Pursuant to Federal Rule of Civil Procedure 55(b), the court may enter default judgment against a defendant who has failed to plead or otherwise defend an action. "The district court's decision whether to enter default judgment is a discretionary one." Aldabe v. Aldabe, 616 F.2d 1089, 1092 (9th Cir. 1980). The Ninth Circuit has provided seven factors for consideration by the district court in exercising its discretion to enter default judgment: (1) the possibility of prejudice to the plaintiff; (2) the merits of the plaintiff's substantive claim; (3) the sufficiency of the complaint; (4) the sum of money at stake in the action; (5) the possibility of dispute concerning material facts; (6) whether default was due to excusable neglect; and (7) the strong policy underlying the Federal Rules of Civil Procedure favoring decisions on the merits. Eitel v. McCool, 782 F.2d 1470, 1471-72 (9th Cir. 1986). When assessing these factors, all factual allegations in the complaint are taken as true, except those with regard to damages. Televideo Sys., Inc. v. Heidenthal, 826 F.2d 915, 917—18 (9th Cir. 1987). "In applying the discretionary standard [from Eitel], default judgments are more often granted than denied." PepsiCo v. Triunfo-Mex, Inc., 189 F.R.D. 431, 432 (C.D.Cal. 1999).

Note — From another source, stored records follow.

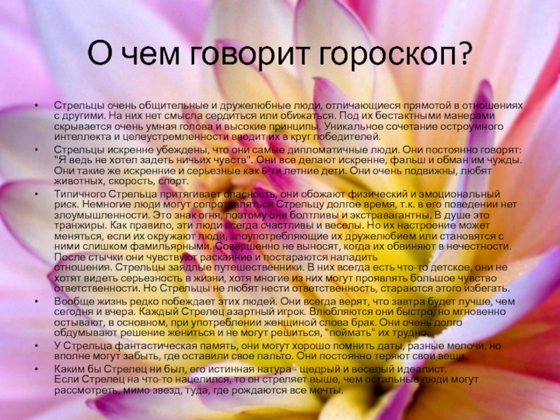 Каким бы Стрелец ни был, его истинная натура - щедрый и веселый идеалист.
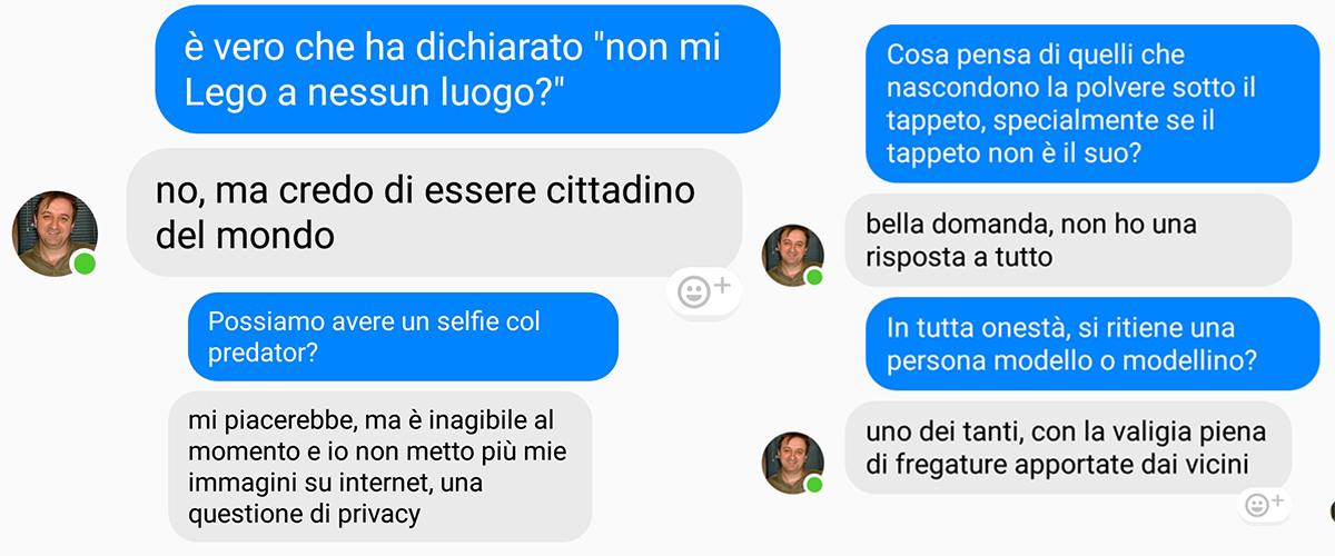 A questo punto, la prima puntata delle interviste senza peli sullo stomaco volge al termine. Come da italica tradizione marzulliana, si faccia una domanda e si dia una risposta
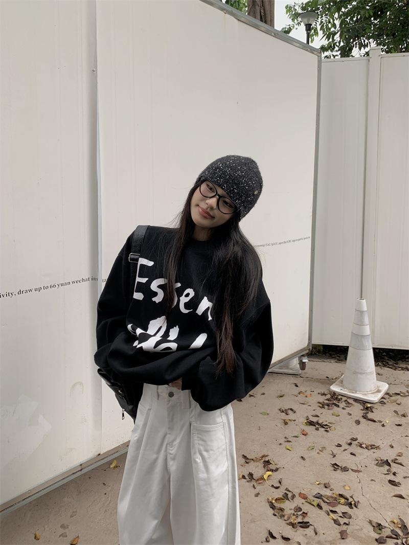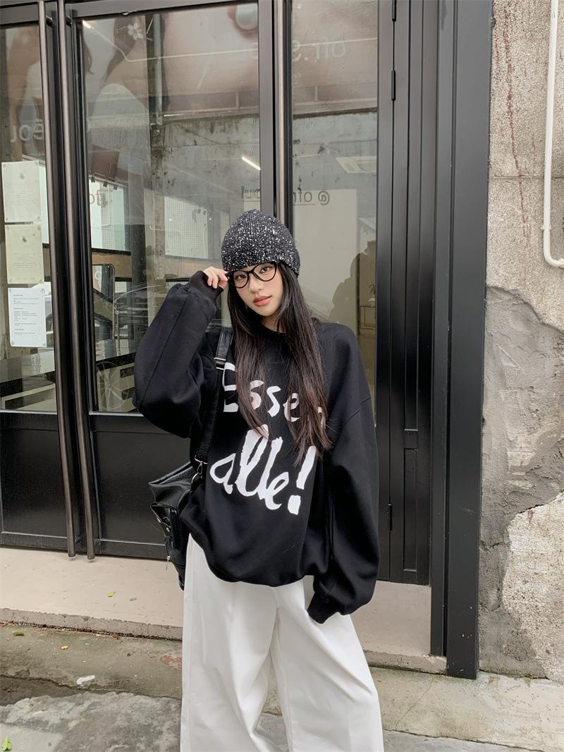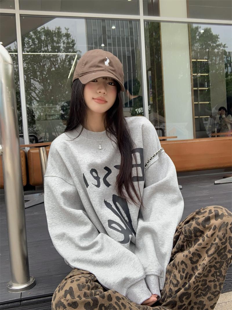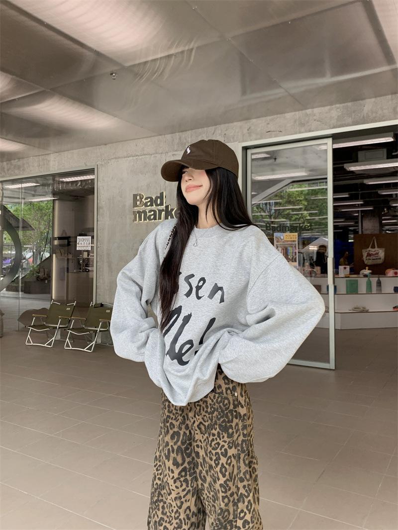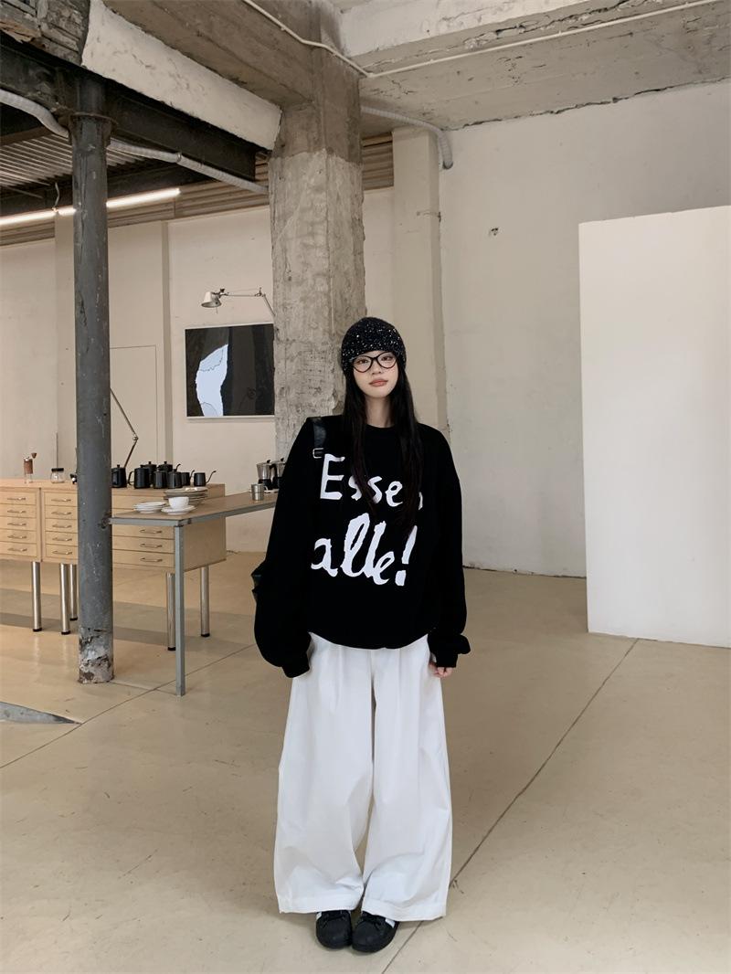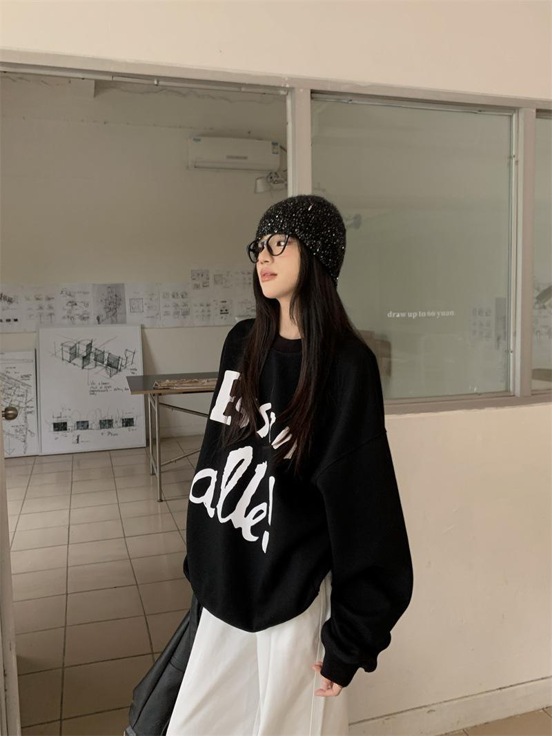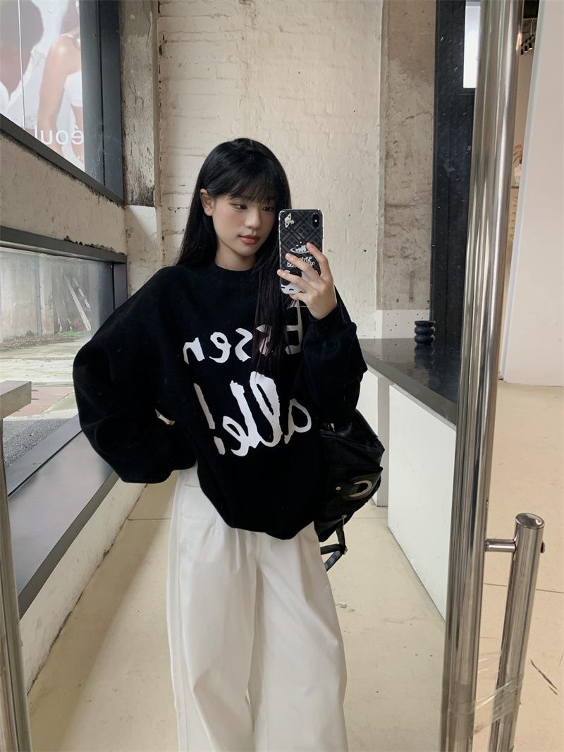 Suéter de Cuello Redondo con Letras Moderno Estilo Americano High Street para Mujer Primavera 2025 Nuevo Casual Holgado Adelgazante Largo Medio

As set forth below, the Court finds that the Eitel factors favor entry of default judgment.

1. Prejudice to the Plaintiff

Plaintiff will be prejudiced if default judgment is not entered. Because Defendants have elected not to take part in the litigation, the SEC will be unable to fulfil its mandate to enforce the securities laws and to obtain injunctive relief if default judgment is not granted.

2. Merits of the Substantive Claim and Sufficiency of the Complaint

Plaintiff has made a compelling showing that Defendants violated 15 U.S.C. § 77e(a), 77e(c), and 77q(a), 15 U.S.C. § 78j(b), and 17 C.F.R. § 240.10b-5.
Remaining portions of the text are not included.